Мы вошли вдвоем в монастырь Святого Спасителя. Сели на гладкий-прегладкий прохладный камень, вдохнули горьковатый аромат деревьев и невольно заговорили шепотом. Я вспомнила о летних вечерах, фортепьянных концертах. Сколько нужно было мощи и силы, чтобы музыка завладела этим пространством, предназначенным для тишины! В жизни не обойтись без усилия.
— Ты часто приезжаешь к Кристине? — спросила я шепотом у Зои.
— Раз в месяц. На автомате, как ходят на гимнастику или к психологу. У меня каждый месяц сеанс Кристины, и, даже если мне лень, я знаю, что после сеанса мне будет лучше, чем до него.
— Ты считаешь меня чудовищем?
— Я думаю, что восемьсот километров — это немало, вот и все, мамочка.
— Но все-таки… ты чувствуешь себя лучше после, чем до… Значит, ты ездишь, чтобы избавиться от чувства вины. Как я.
— Воспользуйся местом и исповедуйся.
Мы рассмеялись, и наш приглушенный смех сделал из нас подружек-заговорщиц. Туристы в шортах фотографировали монастырь, потом они ушли, и тут же появились другие, почти в таких же шортах и уж точно с такими же фотоаппаратами. Мир полон кое-как одетых людей, которые очень быстро перемещаются. Зоя продолжала шепотом:
— Я знала, что ты сегодня к ней поедешь, ты мне сказала по телефону, и я приехала к ней раньше на несколько дней. Я хотела повидать тебя и узнать, почему ты оставила папу в день вашего праздника.
— Почему я оставила папу? Я его не оставила. Я прочитала объявление в газете… Нет. Я… Я хотела открыть бутылку вина — отец привез "Поммар", завернув его в газету, — ив этой газете я прочитала объявление.
Зоя посмотрела на меня с удрученным видом ребенка, который внезапно осознал, что мать слабоумная.
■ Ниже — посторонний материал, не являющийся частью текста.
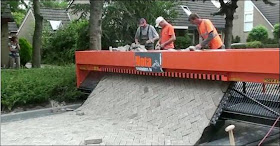 Tiger-Stone is a Dutch paver laying machine that can produce brick roads. Paving bricks are put onto the angled plain. As the electric crawler moves forward along a sand base layer, all the stones are packed together by gravity.
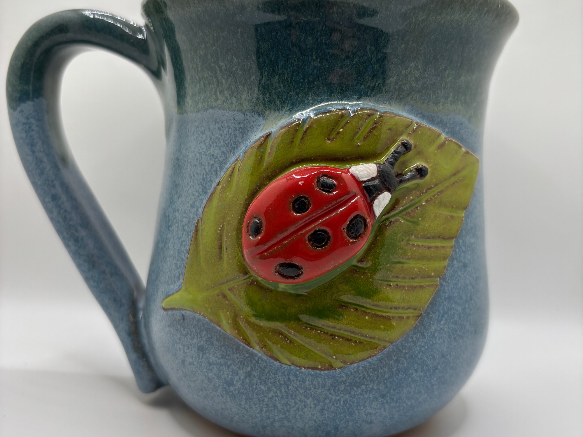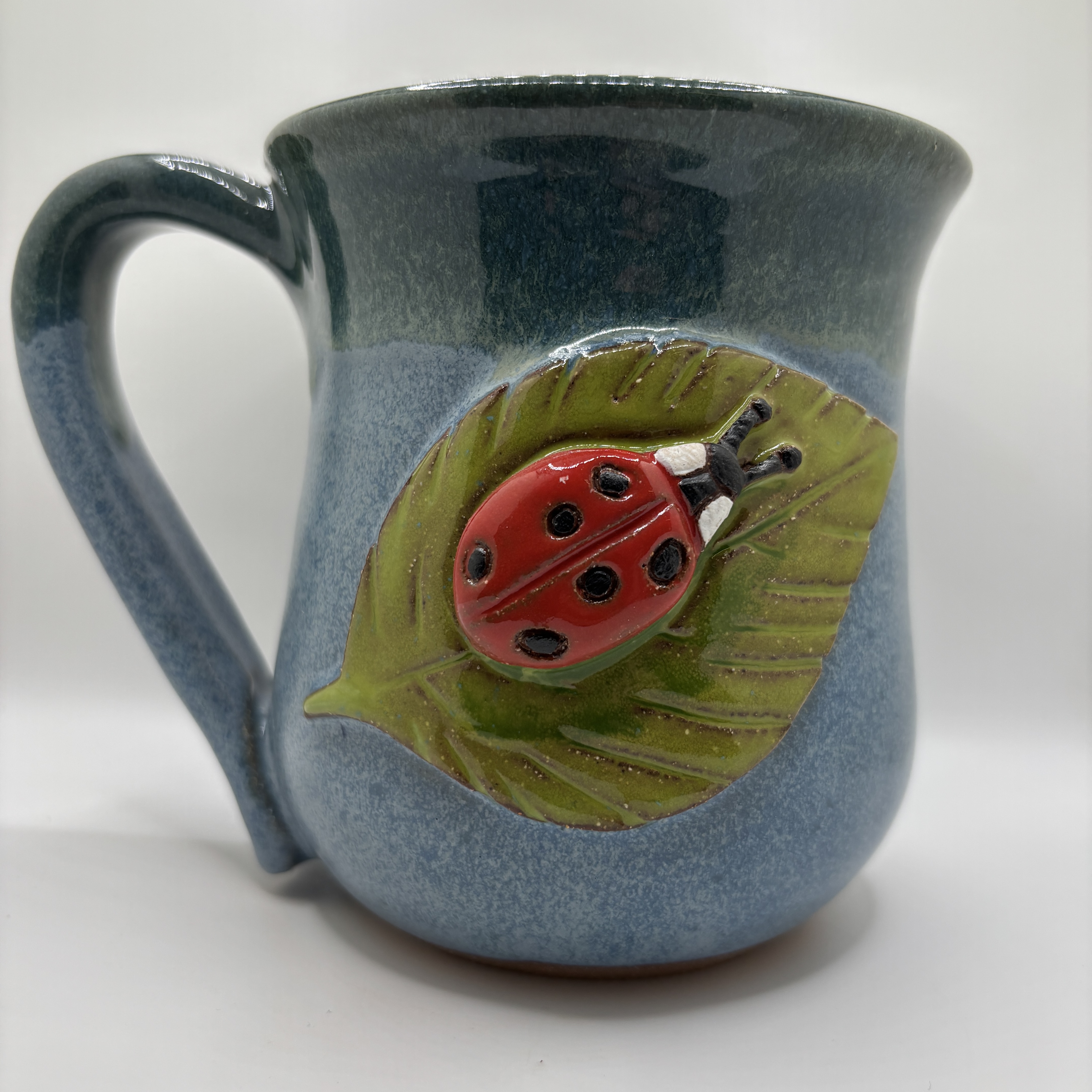 A ladybug on a leaf on a blue mug, Stoneware. 14-16 oz.

Она понимала, что ступает по минному полю, что мой следующий ответ удручит ее еще больше, если только это возможно, и делала неимоверные усилия, чтобы выбрать один из множества вопросов, которые мучили ее. Мне захотелось облегчить ей задачу:
— Я еду повидаться с единственным мужчиной, которого любила в своей жизни.
Зоя встала и ушла. На ее месте я поступила бы точно так же.
Дарио уехал из Франции вскоре после Кассиса. В начале сентября он вернулся в Геную. По сути, мы были всего лишь дети и зависели от перемещений наших родителей. Обыденная жизнь банальна. Мы сказали друг другу "до свидания" сентябрьским утром, от которого уже веяло другим временем года, наша история в один миг стала прошлым, и мы не сделали ни одного шага к невозможному и не стали давать друг другу обещаний, которые не смогли бы сдержать. Мы сказали друг другу "до свидания" поспешно и немного смущенно, опечаленные до смерти, и я помню каждую деталь нашего расставания, каждую незначительную дурацкую мелочь, которая стала потом такой важной. Один уголок воротника рубашки так и застрял под светло-зеленым пуловером Дарио, на левом виске я заметила маленький прыщик, а на вилле по соседству неумолчно лаяла собака, заглушая наши голоса. В нашем прощании не было ничего романтического, мы стояли среди сосен, неподалеку от его дома, почти у ворот. Из игровой уже все вынесли. Из его спальни тоже. И кухня с запахом шоколада тоже опустела.